Dtrace showed the large page based i/o going out in one chunk with one call to sdintr() at the end of the
i/o before the buf was returned, but the 4k page based i/o was going out in a number of chunks. Each chunk of 128k was terminating in a call to sdintr(), only after the last chunk returned was the buf returned. The important part of the stacktrace  that dtrace or lockstat profiling will show is calls to ddi_dma_nextcookie() as each chunk is initialised.

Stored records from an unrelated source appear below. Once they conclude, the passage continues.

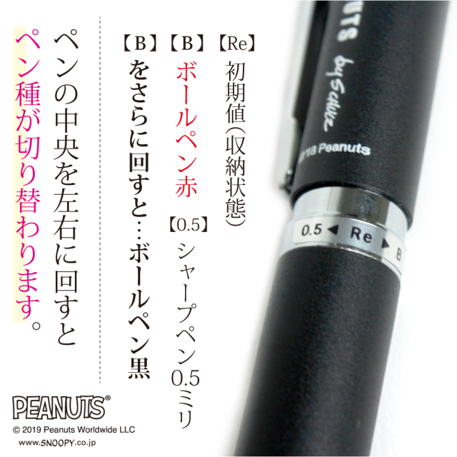 【Re】初期値(収納状態)【B】ボールペン赤 【0.5】シャープペン0.5ミリ 【B】をさらに回す→ボールペン黒 に切り替わります。
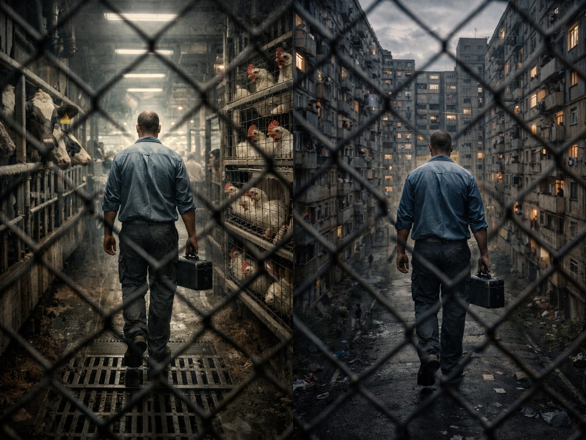 Most people who hear about the “farmed human” idea will immediately think about buildings and structured physical confinement.
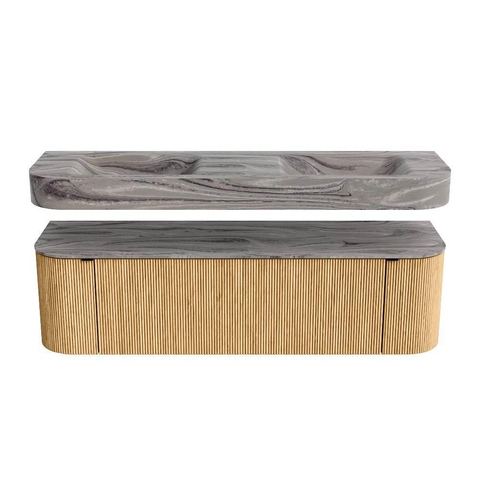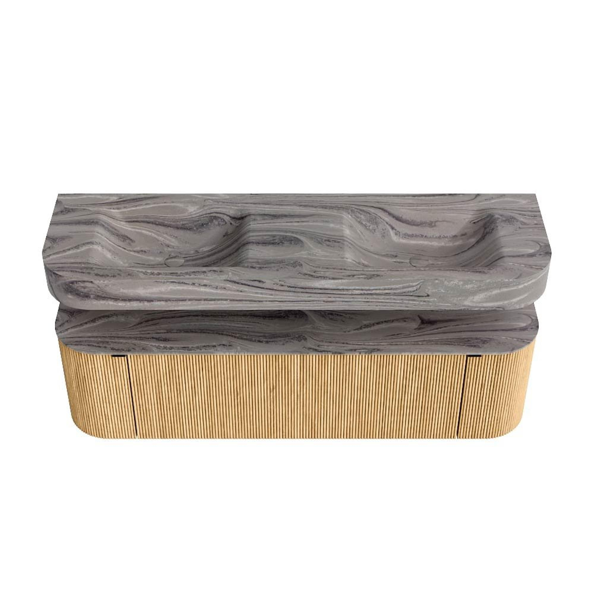 MONDIAZ THOR-DLUX 160cm badmeubel ronding links + rechts kleur Oak met 1 lade en 2 deuren. Vrijhangende wastafel CLOUD Dubbel zonder kraangat kleur Sombra.
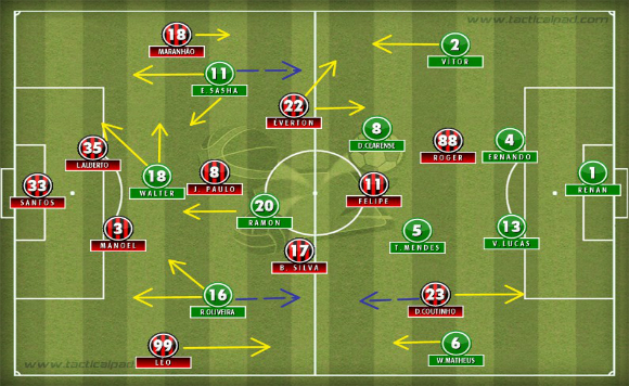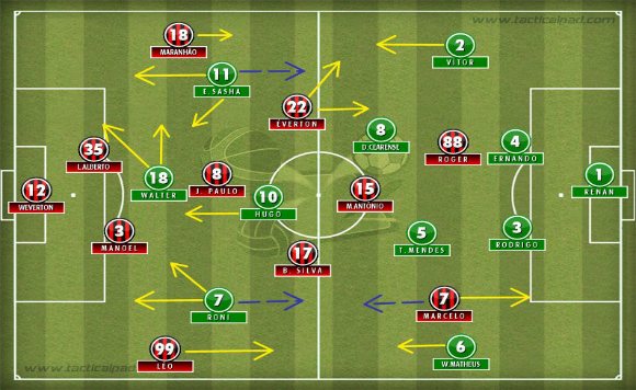 Com a opção de Vagner Mancini em deixar Éderson no banco de reservas, o Atlético não criou e finalizou tanto quanto em outras partidas. Uma parte foi em razão das ausências do maestro Paulo Baier, suspenso e do artilheiro, mas, no jogo contra o Goiás essa dificuldade ficou ainda maior devido à boa exibição do time esmeraldino. Enderson Moreira, técnico do Goiás que comanda a equipe goiana há dois anos, fez com que a sua equipe jogasse de forma mais intensa e não permitiu uma boa exibição dos comandados de Vagner Mancini.
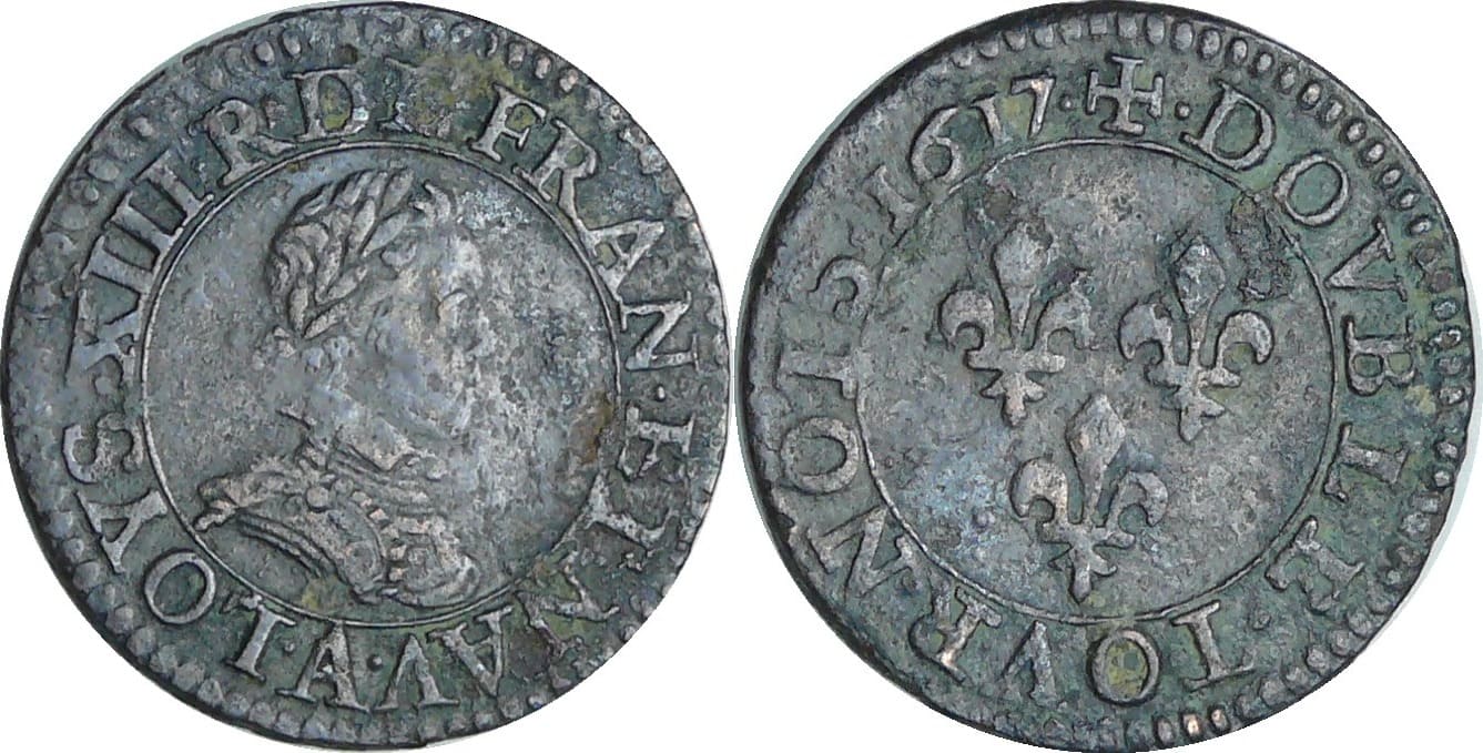 quantité de France - Louis XIII (1610-1643) - Double tournois au buste enfantin et col plat - 1617 A (Paris)
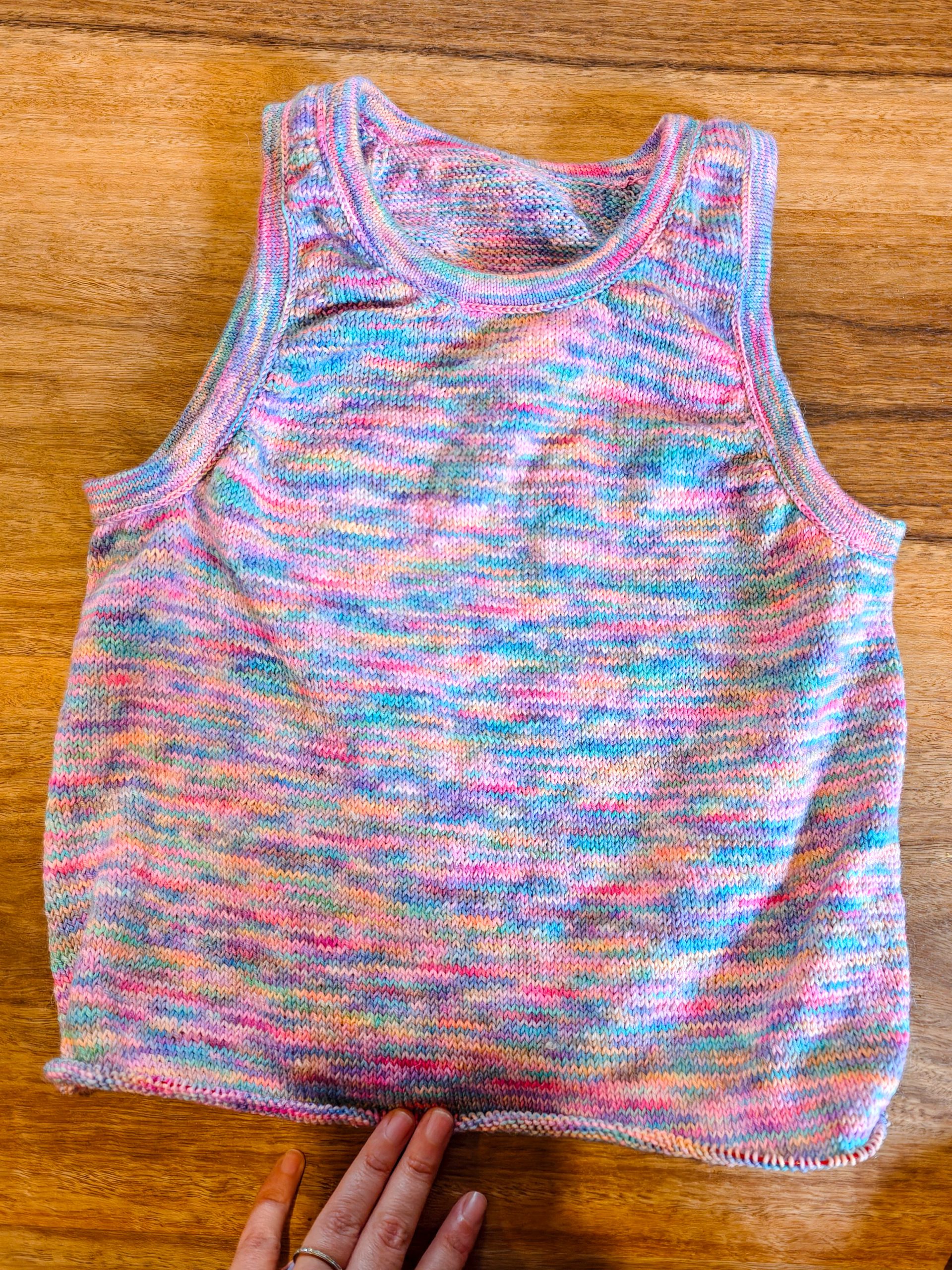 Flying along on the pastel tank top. I really like the way she designed the neckline and sleeves. Took a while to do the sewing but it’s sooo neat and tidy.
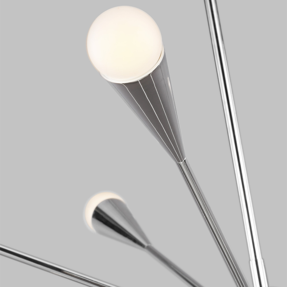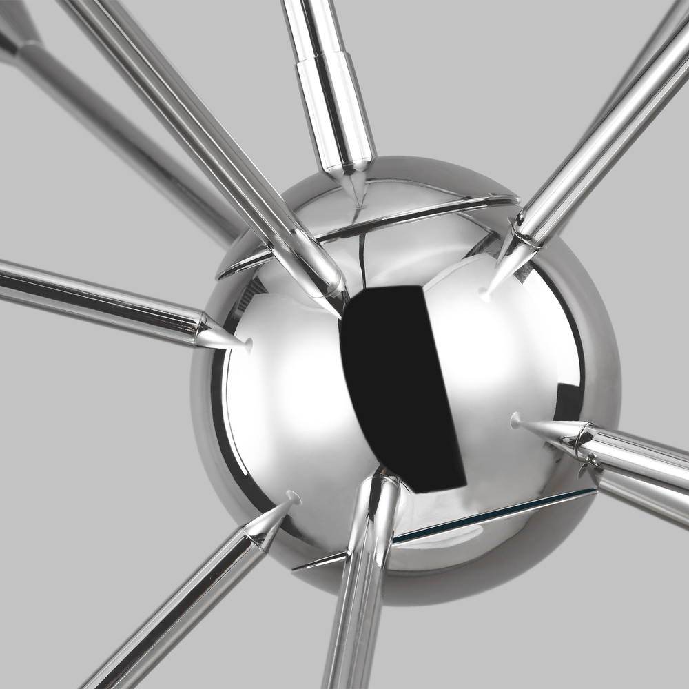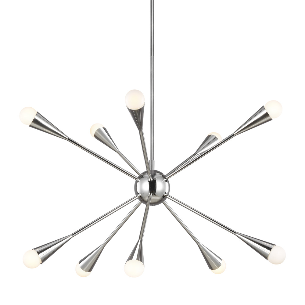 The Jax ten light single tier chandelier in polished nickel is the perfect way to achieve your desired fashion or functional needs in your home. Jax channels the celestial allure of a starburst silhouette, celebrating its iconic status within classic art deco design. Three finish options - including Burnished Brass, Polished Nickel and a stunning two-tone Midnight Black/Burnished Brass combination - make a refreshingly modern statement.

For the i/o kstat  the service time runs from when the buf is sent to the HBA for transport to the disk and ends when the buf is returned. For the 4k based page i/o each chunk extends the service time by a multiple of the real service time.

So what was causing the i/o to be broken up...  the sd target driver relies on the underlying HBA driver to
do the scsi packet and DMA initialisation via the scsi_init_pkt() call. For this particular HBA the
ddi_dma_attr structure ( man ddi_dma_attr) had 32 in the dma_attr_sgllen field.  This field
describes the number of scatter gather segments that the dma engine built into the HBA card can
deal with per i/o request. If an i/o requires more than 32 scatter gather list elements then it will be broken
up into multiple i/o requests.

The large page buffer is allocated out 2Mb pages of contigeous virtual memory addresses but
more importantly each large page is made from  contigeous physical memory which is used by the dma engines so a buffer allocated from these large pages occupies just one DMA scatter gather list element.

The small page buffer is allocated out of 4K pages of contigeous virtual memory addresses but
each 4k page can be mapped into its virual address  from any physical address, in the worst case each 4k page takes one DMA scatter gather list element. A large i/o can therefore take more than 32 elements and so be chunked into N i/os of 128k making the iostat active service time look N times worse than it is really.

So using large pages can have hidden benefits.  (man ppgsz)

Wednesday Mar 22, 2006

something new and very useful from kernel tnf

Turning on all kernel's TNF probes gathers you a big blob of data about what is going inside the kernel. Prior to Solaris 10 this is the only way to get accurate timing information for system calls. Recently, as in last night, I was trying to work out from one of these blobs why a write into a ufs filesystem might take a long time. I had the pid of the writing process so I could find all its threads, I could see one of them issue the write() system call, then I kept seeing the thread block and almost wake up before blocking again. It did this a number of times, obviously it was competing for a resource like a semaphore or a condvar or a mutex and not getting it. All tnfdump gives you is the address of the resource.

But if you use tnfdump -rx you see a bit more.

Here is what tnfdump gives you..

1995.449700  0.010800 10768     3 0x3002ec894a0   4 thread_block  reason: 0x3002ec89632 stack: 

but here is what tnfdump -rx gives on a solaris 8 system
0x63f8e8  : {
                 tnf_tag 0x22f8     thread_block
             tnf_tag_arg 0x63f840   
              time_delta 0x4fd198
                  reason 0x3002ec89632
                   stack 0x63f900   
        }
0x63f900  : {
                 tnf_tag 0x2358     tnf_symbols
           tnf_self_size 0x38
                       0 0x1011c800
                       1 0x100448cc
                       2 0x1007d5f8
                       3 0x1007d9e4
                       4 0x100adaa4
                       5 0x100adc68
        }

On solaris 9 the stack is compressed two addresses to a line. That looks like a kernel stack trace to me, but the challenge is turn that into a symbolic stack trace. You could on the machine where the prex was run do
echo "0x1011c800/i" | mdb -k
But to be portable I think you should gather from the machine where the prex was run
/usr/ccs/bin/nm -fx /dev/ksyms > file or a live crashdump.

So time for a modified tnfdump or another awk script to glue these things together so we can see why threads might block in the kernel.

so more on that when I have it working but until then if you have to gather kernel prex data, send in the raw output file from tnfxtract, a live dump or the nm of /dev/ksyms so we don't loose any information from the data.

Monday Mar 20, 2006

lrand48() is an excellent function for generating testcases.

Spending a lot of time writing test cases to try and reproduce system panics has led me to use an interesting(ish) methodology. You stare at the data structures in the dump, you stare at the code and see if you can work out how to get things into a similar state. Then comes the difficult bit, I've taken to working out what operations are possible from the userland code and then randomising them using lrand48().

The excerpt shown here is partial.